22. August 2018 1 Likes

Ein Turm voller Welten

Steampunk mal anders: Der Roman „Im Turm“ von Josiah Bancroft

Lesezeit: 3 min.

Von weit her kommen die Menschen zum berühmten Turm von Babel, der so hoch in den Himmel reicht, dass niemand sicher weiß, wie viele Stockwerke er wirklich hat. Ob man mit dem Zug oder als Teil einer Karawane anreist, spielt für den ersten Eindruck keine Rolle: Schon von Weitem ragt der Turm wie eine dünne Nadel empor und teilt den Horizont. Neuankömmlinge staunen zunächst über das Gewimmel auf dem riesigen Markt, der den Turm in dessen wandernden Schatten umgibt und ständig in Bewegung zu sein scheint. Mächtige Luftschiffe umschwirren indes den imposanten Turm und versorgen die sagenumwobenen Stockwerke, während Steinschlag im Eingangsbereich eine nicht unbeträchtliche Gefahr darstellt und eine mechanische Uhrwerkspinne die alte Außenmauer des gewaltigen Gebäudes in Stand hält. Aber Vorsicht! So wundersam der Turm und seine Umgebung auch sein mögen, bergen sie doch viele Gefahren.

Thomas Senlin, ein Lehrer aus einem abgelegenen kleinen Fischerdorf, muss das in Josiah Bancrofts Roman „Im Turm“ ausgerechnet in seinen Flitterwochen am eigenen Leib erfahrenen.
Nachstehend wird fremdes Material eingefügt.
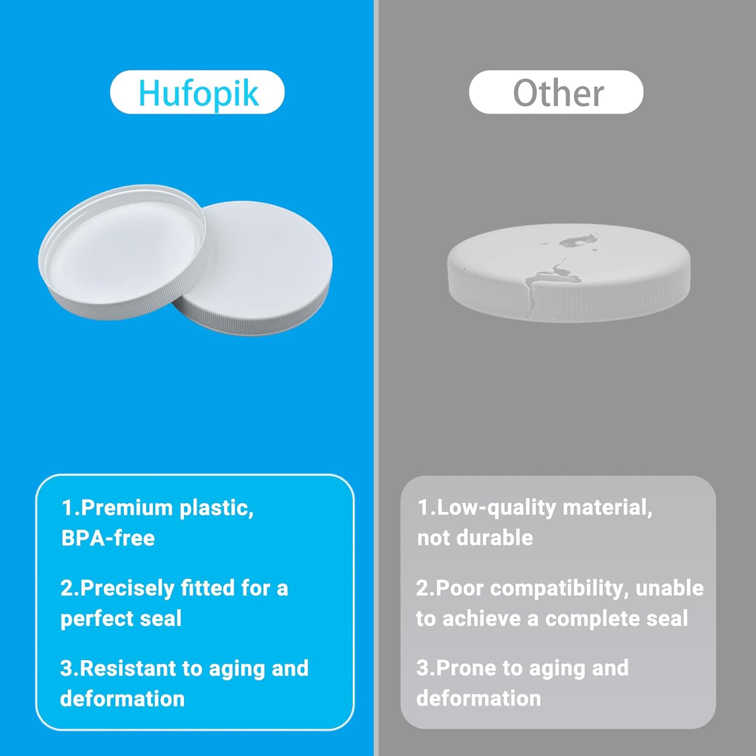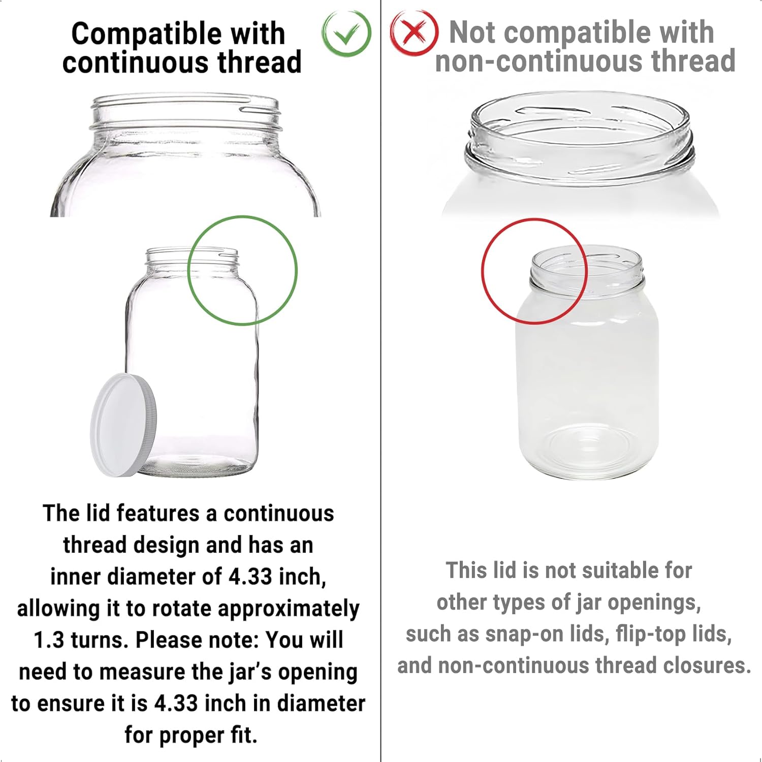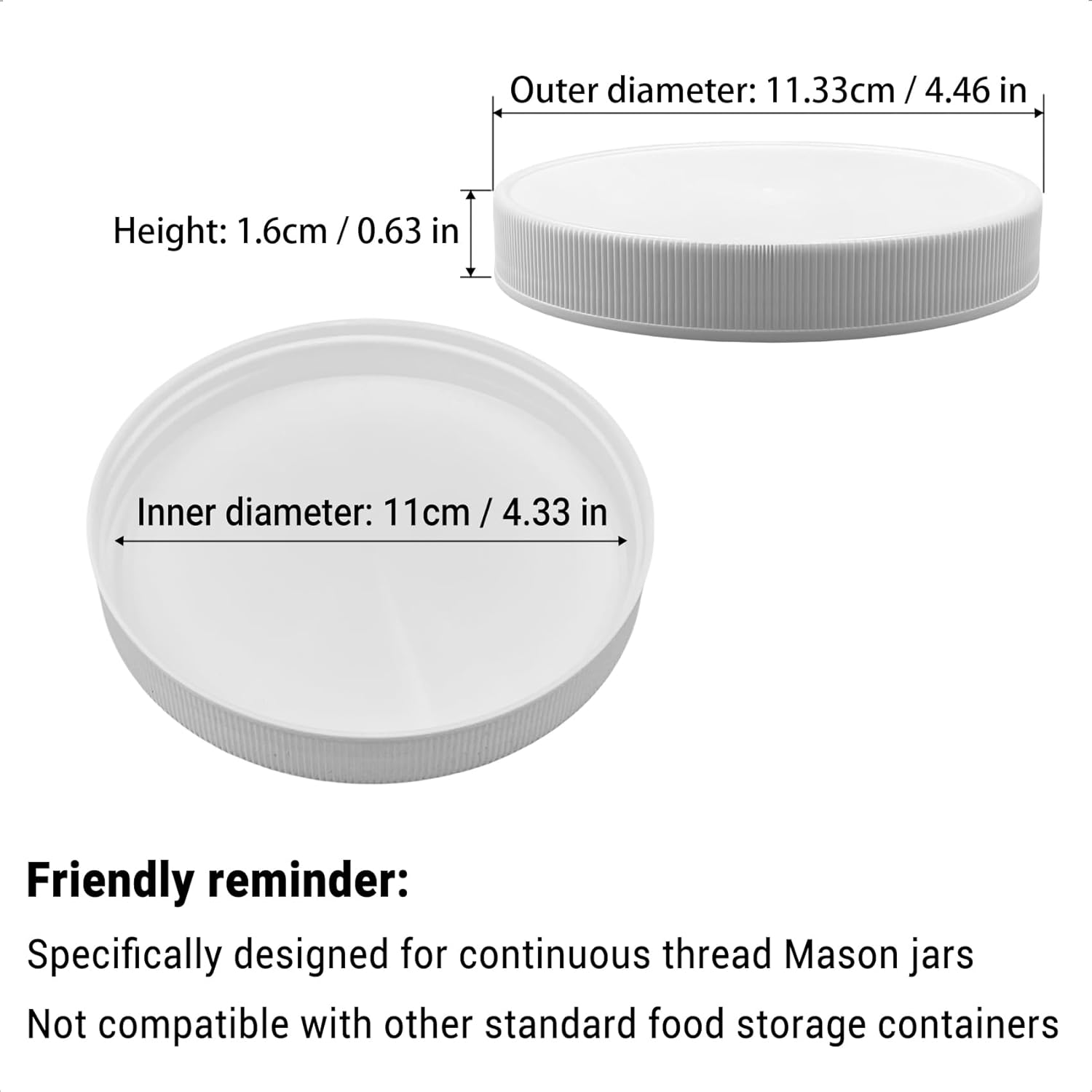 3 Pcs | 110/400 Plastic Replacement Lids | 4.33 inch Caps w/Leak Proof Liner | For Large Glass or Plastic Wide Mouth Jar, Food-Grade Storage Caps for Canning Jars

Denn als Senlin im Gewusel des Marktes seine frisch angetraute Ehefrau Marya verliert, bleibt dem Intellektuellen nichts anderes übrig, als das legendäre, einschüchternde Bauwerk zu betreten und seine Gattin zu suchen, obgleich die harsche Realität sich stark vom glorifizierenden Reiseführer unterscheidet. Letztlich ist jedes Stockwerk ein Ringreich und eine Welt für sich. Im ersten Stock dreht sich z. B. alles ums Theater, im zweiten stehen die Bäder und ein See im Mittelpunkt. In den Geschossen herrschen außerdem eigene Regeln und Gesetze. Wer diese nicht befolgt – oder seine Rechnungen nicht mehr bezahlen kann – landet in einem Käfig an der Außenmauer oder wird geschoren, um als Sklave auf Jahre hin Güter durch den Turm zu schleppen …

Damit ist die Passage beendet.